**AIM OF THE EXERCISE**
Starting with the line that contains "- แบบ 1 ห้องนอน" and stopping after the line that contains "本次创作《泡沫》选择泡沫箱和", copy the entries below exactly. Include nothing else.

**DATA EXTRACT**
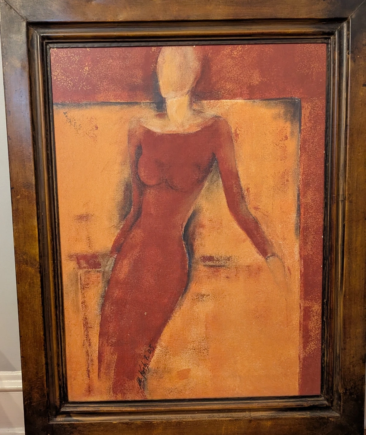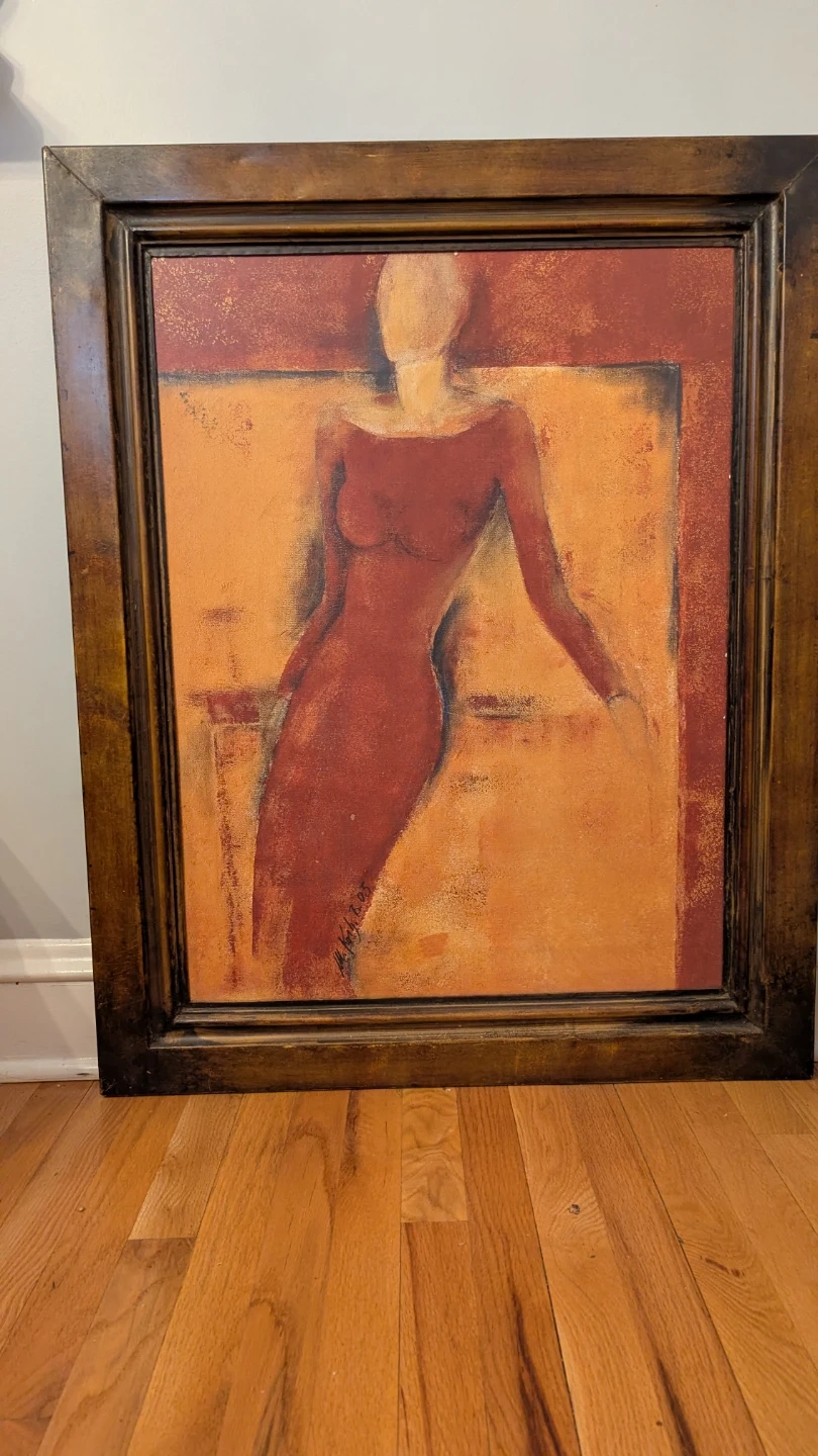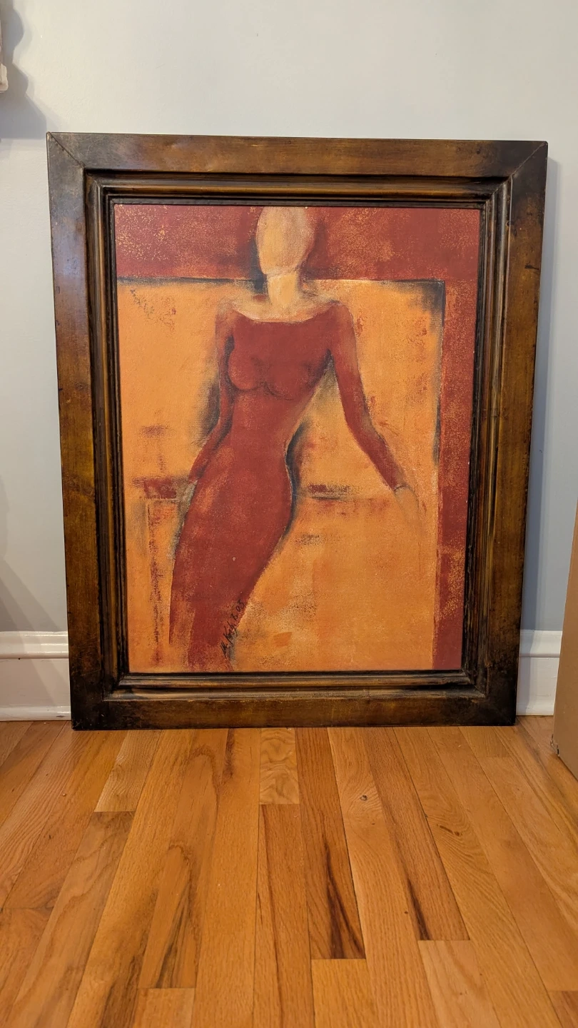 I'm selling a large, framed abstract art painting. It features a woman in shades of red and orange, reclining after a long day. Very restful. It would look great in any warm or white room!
--
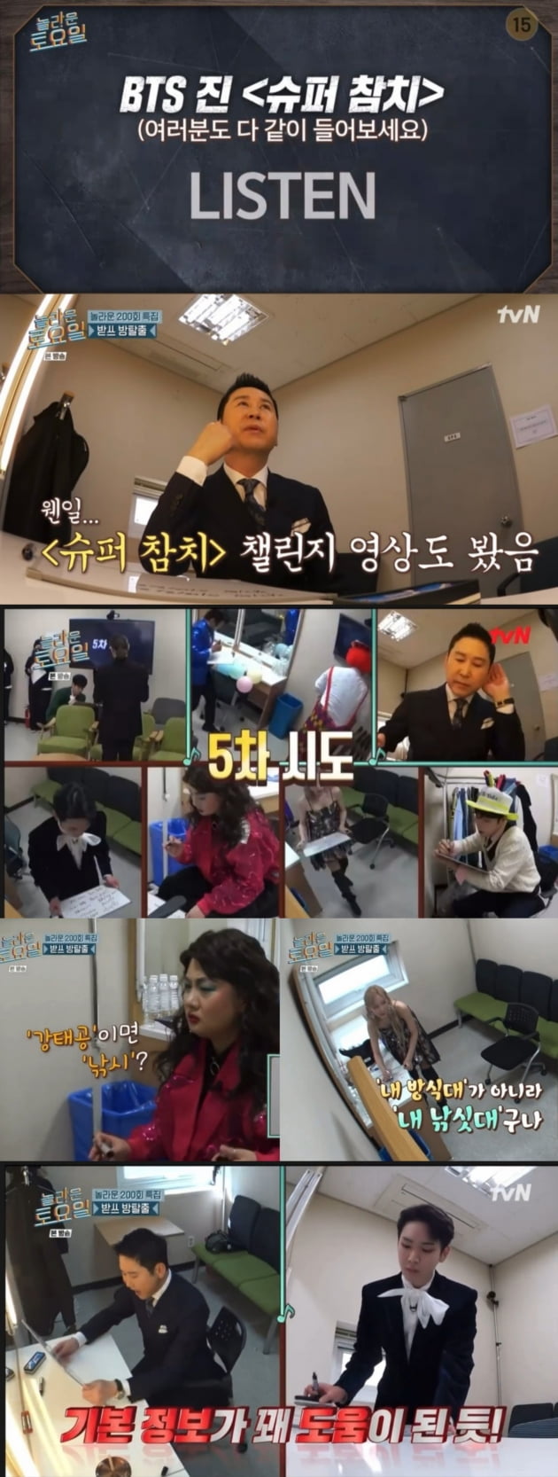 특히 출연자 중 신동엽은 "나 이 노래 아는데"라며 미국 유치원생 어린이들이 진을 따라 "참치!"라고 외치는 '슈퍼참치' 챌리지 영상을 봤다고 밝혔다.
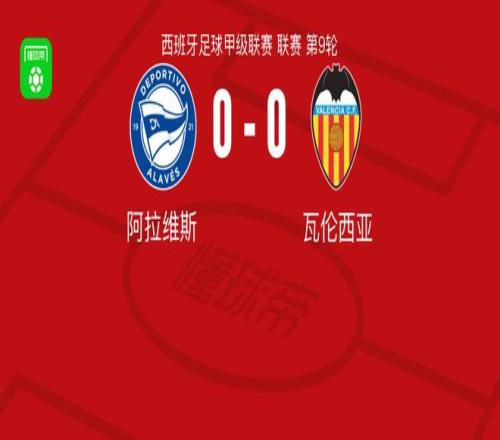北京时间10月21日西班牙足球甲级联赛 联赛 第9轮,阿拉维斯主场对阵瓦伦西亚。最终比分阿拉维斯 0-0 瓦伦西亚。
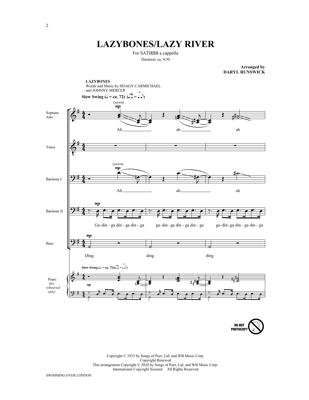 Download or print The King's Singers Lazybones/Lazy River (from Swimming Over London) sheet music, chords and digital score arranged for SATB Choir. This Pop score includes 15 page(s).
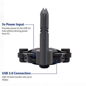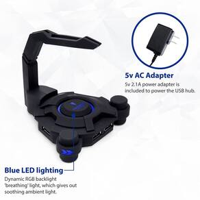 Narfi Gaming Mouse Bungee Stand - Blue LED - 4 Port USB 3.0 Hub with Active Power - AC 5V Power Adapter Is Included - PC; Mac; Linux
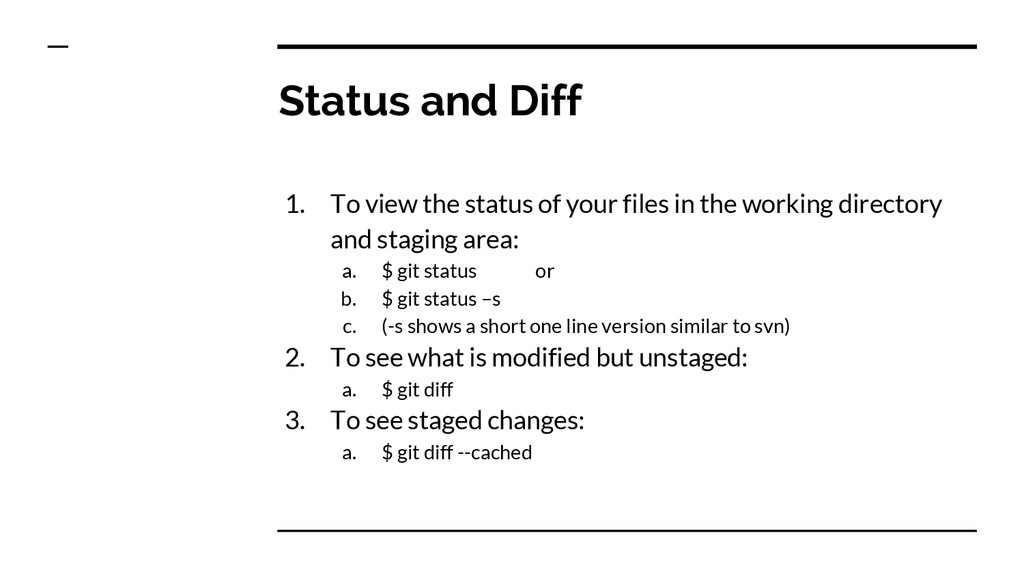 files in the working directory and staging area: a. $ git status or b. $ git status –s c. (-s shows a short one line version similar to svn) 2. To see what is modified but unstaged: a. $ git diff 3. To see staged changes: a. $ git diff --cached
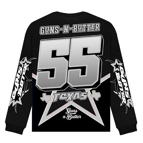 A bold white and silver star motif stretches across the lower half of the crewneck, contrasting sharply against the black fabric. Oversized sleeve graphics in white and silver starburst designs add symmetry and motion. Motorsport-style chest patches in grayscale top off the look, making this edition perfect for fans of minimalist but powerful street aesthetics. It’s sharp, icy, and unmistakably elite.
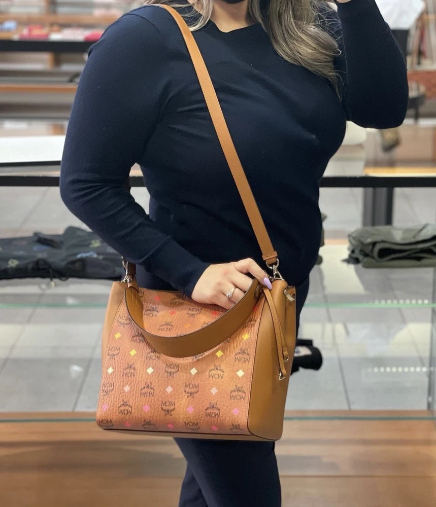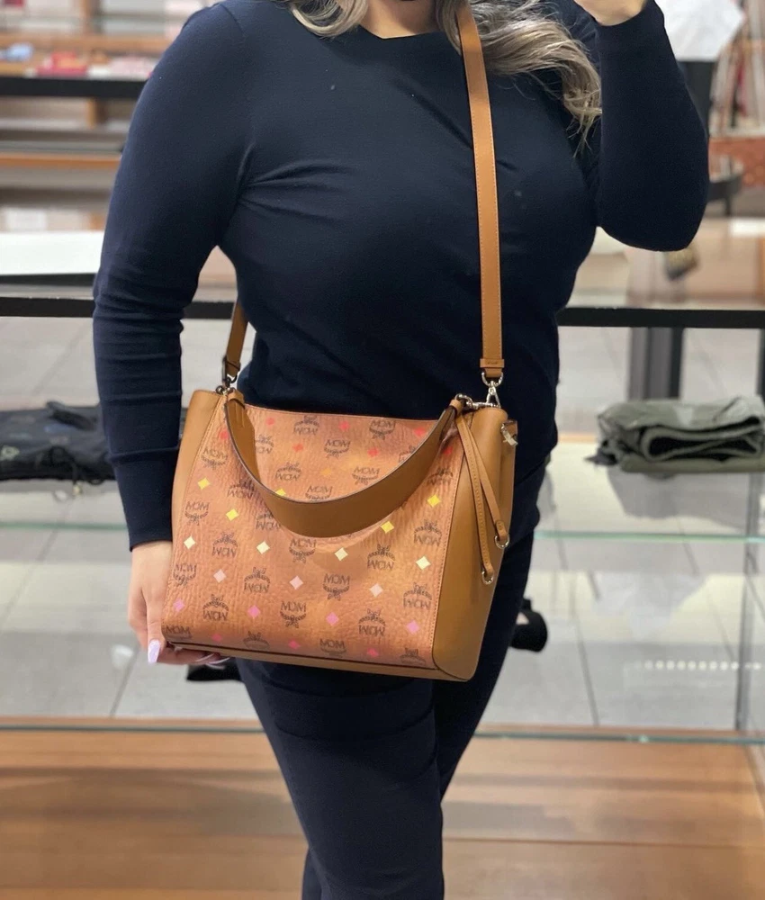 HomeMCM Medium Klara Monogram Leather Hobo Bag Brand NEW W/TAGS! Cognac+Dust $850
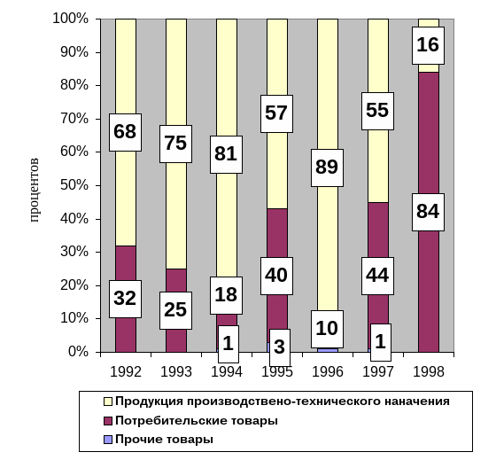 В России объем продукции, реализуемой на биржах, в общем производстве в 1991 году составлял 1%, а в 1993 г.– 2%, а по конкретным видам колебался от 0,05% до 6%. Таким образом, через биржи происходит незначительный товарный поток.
...
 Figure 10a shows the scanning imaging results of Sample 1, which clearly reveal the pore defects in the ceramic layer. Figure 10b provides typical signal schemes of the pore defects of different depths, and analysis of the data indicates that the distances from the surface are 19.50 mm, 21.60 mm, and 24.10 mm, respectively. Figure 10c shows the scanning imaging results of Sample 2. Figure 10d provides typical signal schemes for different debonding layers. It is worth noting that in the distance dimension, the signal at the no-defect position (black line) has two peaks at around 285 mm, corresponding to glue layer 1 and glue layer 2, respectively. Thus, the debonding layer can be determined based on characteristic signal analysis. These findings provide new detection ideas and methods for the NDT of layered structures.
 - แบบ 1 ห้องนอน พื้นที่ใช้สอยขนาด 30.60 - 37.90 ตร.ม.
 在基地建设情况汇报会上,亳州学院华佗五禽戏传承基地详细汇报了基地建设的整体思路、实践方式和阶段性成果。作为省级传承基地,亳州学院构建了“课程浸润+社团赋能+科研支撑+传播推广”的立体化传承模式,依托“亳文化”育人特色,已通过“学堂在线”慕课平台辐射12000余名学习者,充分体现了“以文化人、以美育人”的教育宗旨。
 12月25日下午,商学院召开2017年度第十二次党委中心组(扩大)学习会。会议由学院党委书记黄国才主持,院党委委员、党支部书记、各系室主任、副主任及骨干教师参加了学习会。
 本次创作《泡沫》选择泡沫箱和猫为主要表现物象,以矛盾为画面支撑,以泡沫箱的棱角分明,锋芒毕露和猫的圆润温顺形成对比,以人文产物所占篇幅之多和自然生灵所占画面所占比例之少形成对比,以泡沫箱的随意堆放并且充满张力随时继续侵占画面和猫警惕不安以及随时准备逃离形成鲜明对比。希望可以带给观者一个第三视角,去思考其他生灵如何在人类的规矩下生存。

**ANSWER BOX**
 - แบบ 1 ห้องนอน พื้นที่ใช้สอยขนาด 30.60 - 37.90 ตร.ม.
 在基地建设情况汇报会上,亳州学院华佗五禽戏传承基地详细汇报了基地建设的整体思路、实践方式和阶段性成果。作为省级传承基地,亳州学院构建了“课程浸润+社团赋能+科研支撑+传播推广”的立体化传承模式,依托“亳文化”育人特色,已通过“学堂在线”慕课平台辐射12000余名学习者,充分体现了“以文化人、以美育人”的教育宗旨。
 12月25日下午,商学院召开2017年度第十二次党委中心组(扩大)学习会。会议由学院党委书记黄国才主持,院党委委员、党支部书记、各系室主任、副主任及骨干教师参加了学习会。
 本次创作《泡沫》选择泡沫箱和猫为主要表现物象,以矛盾为画面支撑,以泡沫箱的棱角分明,锋芒毕露和猫的圆润温顺形成对比,以人文产物所占篇幅之多和自然生灵所占画面所占比例之少形成对比,以泡沫箱的随意堆放并且充满张力随时继续侵占画面和猫警惕不安以及随时准备逃离形成鲜明对比。希望可以带给观者一个第三视角,去思考其他生灵如何在人类的规矩下生存。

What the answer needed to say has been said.